The major projects I’ve been working on over the past year have highlighted the difficulties organizations have coordinating the efforts of multiple business units in delivering a service to the same customer audience. And it has struck me that large organizations are a little like a group of musicians – capable, talented, experienced, and with a desire to play well. And yet, when it comes down to it, the result is a cacophony.
To the customer this noise makes itself known in the form of inconsistent or conflicting information coming from different sources; two different units offering what is ostensibly the same service – but with different rules; poor transitions as you’re passed from one unit to the next – “for security purposes, may I have your date of birth?” (Again?!); or gaps in the service where fairly obvious needs are going unmet. Worse, service requests that “fall through the cracks” because of unclear lines of responsibility.
Internally, these issues look like communication failures; siloing; internal politics; empire building; demarcation; resource issues; or poor understanding of the customers’ needs.
A common response to these issues is to ‘improve communication’. Various tactics come into play: cross-functional teams; inter-project briefings; new lines of management and reporting; perhaps a complete corporate restructure. To our musicians, we make them aware of one another, and give them the environment and channels in which they can communicate. Perhaps, like jazz musicians improvising, we hope that something wonderful and coherent will coalesce from the noise. But like musicians tuning up before a performance, they begin by warming up – playing anything they feel like to get the air flowing, or the strings loosened, and although small groups of two or three might come together and play something harmonic, out in the audience the effect is still unstructured and chaotic.
Enter the Conductor
Having seen a number of organizations attempt to address this issue, I’ve seen a recognition dawn that the problem is one of coordination. Our ‘players’ are out of time; out of sync; and out of tune. So organizations hire in a ‘conductor’ – someone whose sole responsibility is to coordinate the efforts of different business units when delivering a service to a particular audience. This role is a proto-service management function, but often the focus is on communication instead of an holistic view.

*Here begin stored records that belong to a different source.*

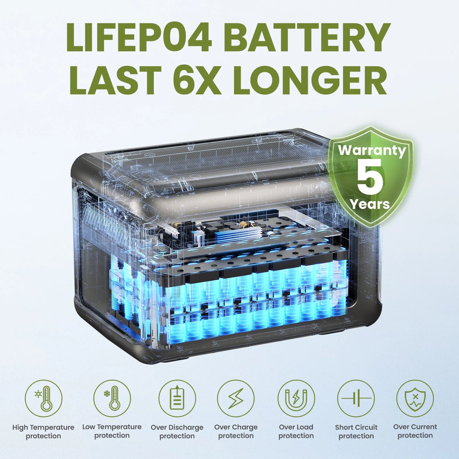 [Long-Lasting LiFePO4 Battery & Large Expandable Capacity] This ALLPOWERS R3500 power station features LiFePO4 battery. The maximum battery capacity is higher than 80% after 3500 cycles of charging and higher than 50% after 6500 cycles. Therefore R3500 lifespan exceeds 10 years. The R3500 can be expanded with up to 6 B3000 (3168Wh each) extended batteries and the capacity is increased to a maximum of 22176Wh, which is enough to survive severe power outages.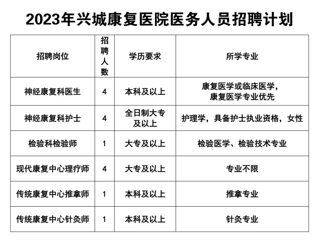 (三)兴城康复医院招聘医务人员15人,具体分配名额及要求见附表2。
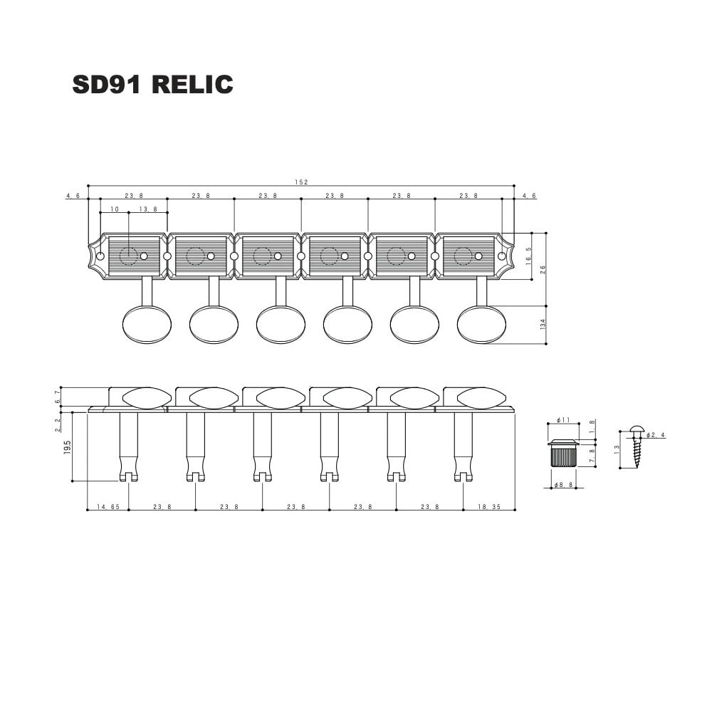 SD91-05M 6 In Line Vintage-style Tuners Aged / Relic Nickel Finish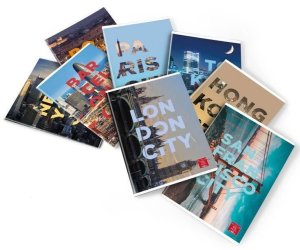 Sešit se šitou vazbou velikosti A4 s motivem světových velkoměst. Štítek s informacemi jako je předmět, jméno a příjmení, škola, adresa a další se nachází na prvním vnitřním listu.
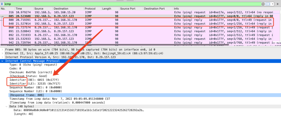 事实上针对ICMP协议,NAT路由器做了特殊处理。ping报文头里有个Identifier的信息,它其实指的是放出ping命令的进程id。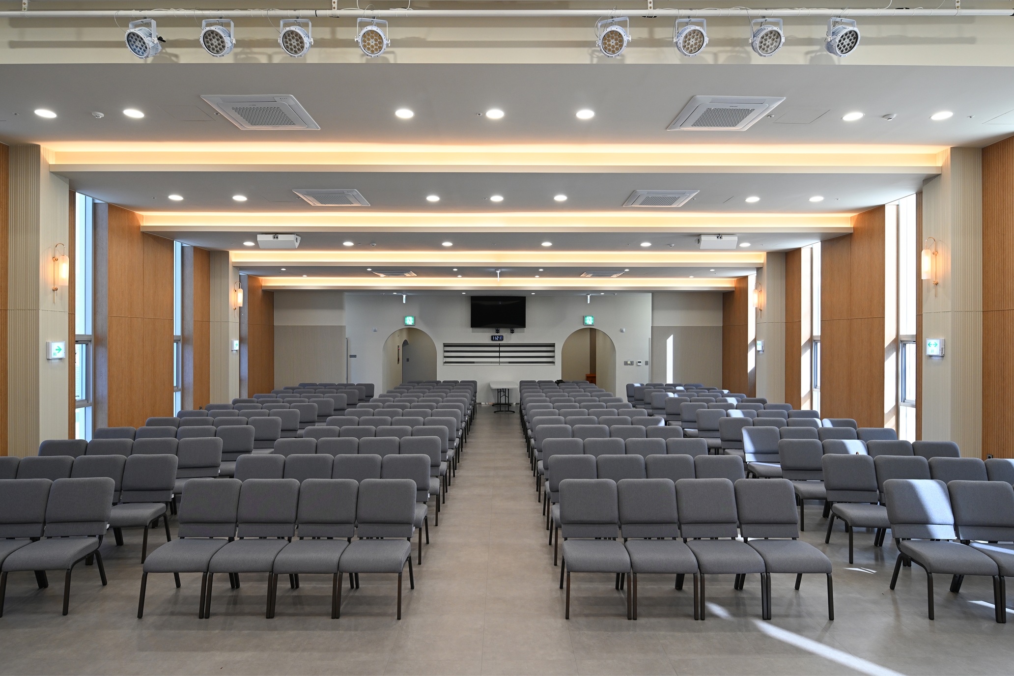 On the second floor facing the central entrance, a rounded café is planned as a place for communication, rest, and exchange—enjoying the open view ahead. The main sanctuary is placed to the south, while a library-like church memorial hall is set to the north, clearly separating the two functions. The first floor contains small group rooms and office spaces. To reinforce the embracing gesture, the two side masses rotate inward by about 17 degrees toward the center.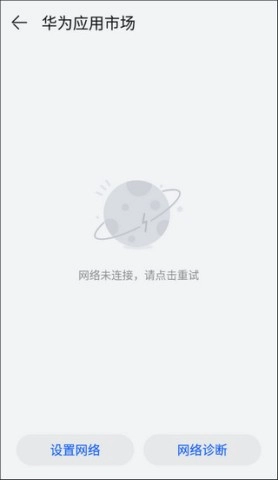 4、操作正确后会进入华为应用市场,此时处于断网状态,点击返回即可!

Our conductor expends a great deal of effort getting different units to talk with one another, and plan joint activities. Projects collaborate, but two different collaborations are still working at cross-purposes. Communication involves more and more groups, but still something’s missing.
The Score
If you’ve caught on to the whole music metaphor, what’s missing is the score. You know – the music. Without music the musicians and conductor are essentially lost. Yes, with communication and time you’ll get snatches of music – maybe even beautiful music – but it won’t be the sustained sweeping grandeur of a symphony; nor the free-flowing groove of a jazz quartet.
And now that I’ve mentioned jazz you’re probably thinking “Ha! Jazz musicians don’t use music!” and you’d be wrong. They do; and they practice and practice and practice. Chord progressions, improvizations, chorus and verse. They practice transitions, solos, changes in tempo and key. And when they’ve got it so down that they can feel it in their bones, well yes: then they play it without the music.
But let me ask you this: is your organization practicing as hard as that jazz quartet at playing together, seamlessly, melodiously? Or are you still at the stage where having a score would help ensure everyone knows their part. And there’s nothing wrong with that – most symphony orchestras have sheet music in front of them.
So, what’s the score? What’s the design equivalent of the sheet music that helps your organization play in sync, in tune and in harmony? It’s your experience strategy, of course.